I was in Surrey Pet Supplies this afternoon and thought I might get a sneak peek of the new Reptile Centre which opens this Saturday.

Sadly, I wasn't allowed in but was told that there are about 100 vivariums and lots of different and unusual animals some have even arrived today!

I can't wait to have a look around, I guess I'll have to wait til Saturday!


----------



## petman99 (Aug 22, 2010)

weemanelite said:


> I was in Surrey Pet Supplies this afternoon and thought I might get a sneak peek of the new Reptile Centre which opens this Saturday.
> 
> Sadly, I wasn't allowed in but was told that there are about 100 vivariums and lots of different and unusual animals some have even arrived today!
> 
> I can't wait to have a look around, I guess I'll have to wait til Saturday!


Not long till Saturday
Still more animals to arrive plus our 9ft Vivs going in tomorrow.


----------



## petman99 (Aug 22, 2010)




----------



## petman99 (Aug 22, 2010)

Thank you to everyone that came along today to our opening of our new reptile display centre.
I hope everyone liked what they saw
Looking forward to adding more reps in the coming weeks so watch this space.


----------



## weemanelite (Jul 28, 2010)

I was at the opening of the new centre and it was great.

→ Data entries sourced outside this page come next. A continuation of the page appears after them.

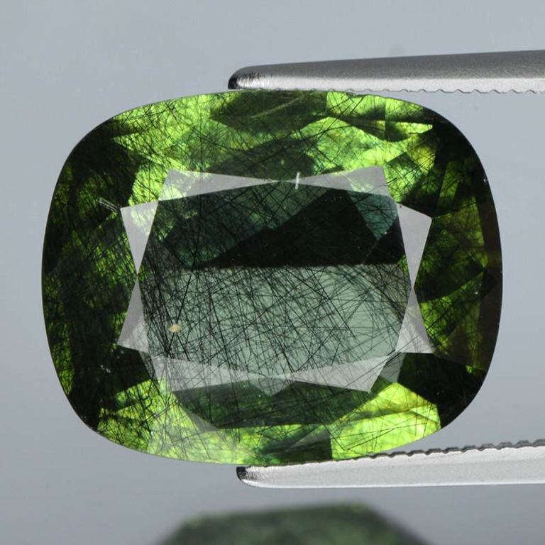 これは黒いですけど、入り込んでいるのはブラックトルマリンじゃないんです。この黒い部分は「ルドイジャイト(ルドイヒ石)」と呼ばれる石なんです。パキスタンで採れるペリドットにはこの石が針状になって含まれていることがあるんですよ。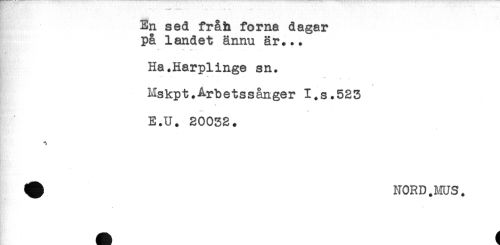 //// En sed fråh forna dagar //// på landet ännu är... //// * ** * //// Ha.Harplinge sn. //// Mskpt.Arbetssånger I.s.525 //// E.U. 20032. //// ^ NORD.MUS. ////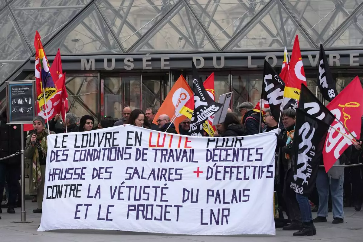Workers display a banner reading "Louvre on strike" outside the Louvre museum after they voted to strike for the day over working conditions and other complaints, Monday, Dec. 15, 2025 in Paris. (AP Photo/Michel Euler)
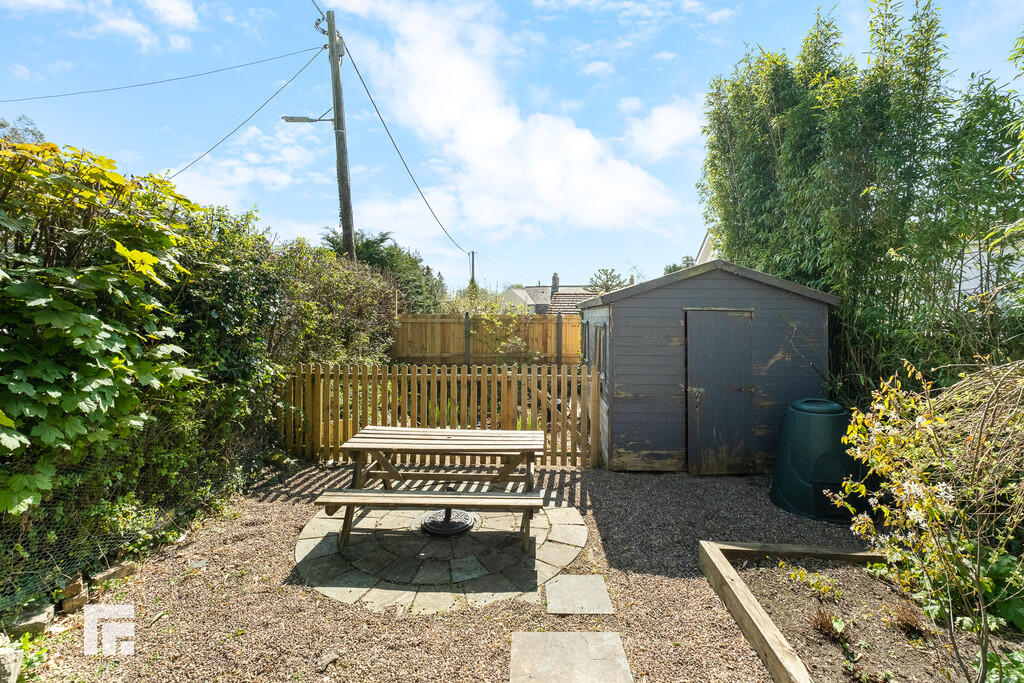 FRONT South facing, sunny garden with paved pathway leading from side gate (for access) to front door. Paved patio and area laid to lawn. Bordered by hedges, timber fence and mature shrubs. Additional seating area. Timber shed. Vegetable patch. Timber gate to side.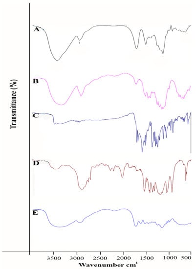 FTIR-Spectrometer of CL, CUR-nps/ALG/CL, CUR, ALG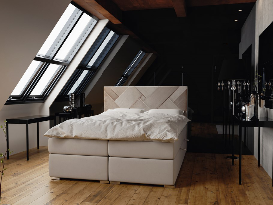 Je zdobené 6 čalúnenými pásmi o šírke 35 cm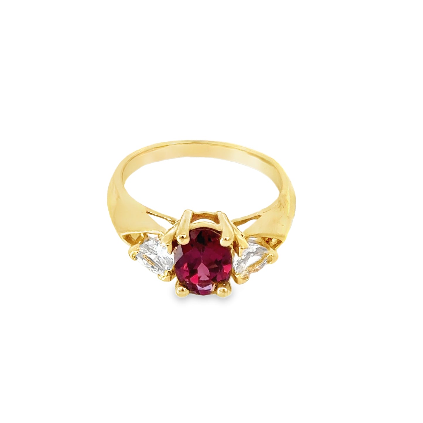 14K Yellow Gold, Pink Tourmaline Center Stone, White Sapphires, Size 5 3/4 |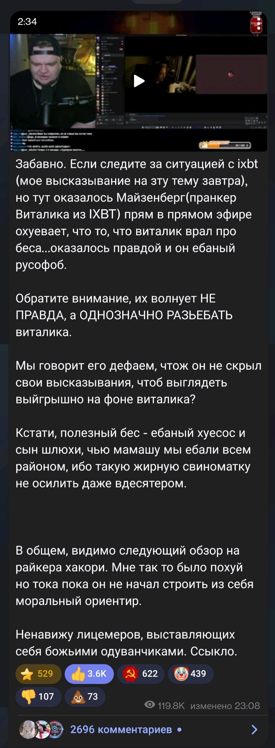 Последние новости: - Михас выпустил разъёбное разоблачение, где прошёлся не только по IXBT, но и по DeadP47. Оказывается, хейтеры "доносчика Витали" сами строчили кляузы на неугодных. Никогда такого не было, и вот опять!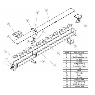 Дизайн U-образного яма:Предоставляет большую емкость, чем традиционные цилиндрические конвейеры с винтом, и предлагает более легкий доступ для проверки и очистки по сравнению с герметичными конвейерами труб.

Lots of lovely animals, setups and knowledgable staff. The variety of animals is huge and all nicely presented. Well worth a trip to see.


----------



## saracen (Oct 13, 2011)

Just come from the Surrey PS website, you have some very interesting livestock [Boa's & Pythons] for sale :2thumb: like many others, I'll be watching with much interest & wish you all the very best ::no1:

kindest Saracen


----------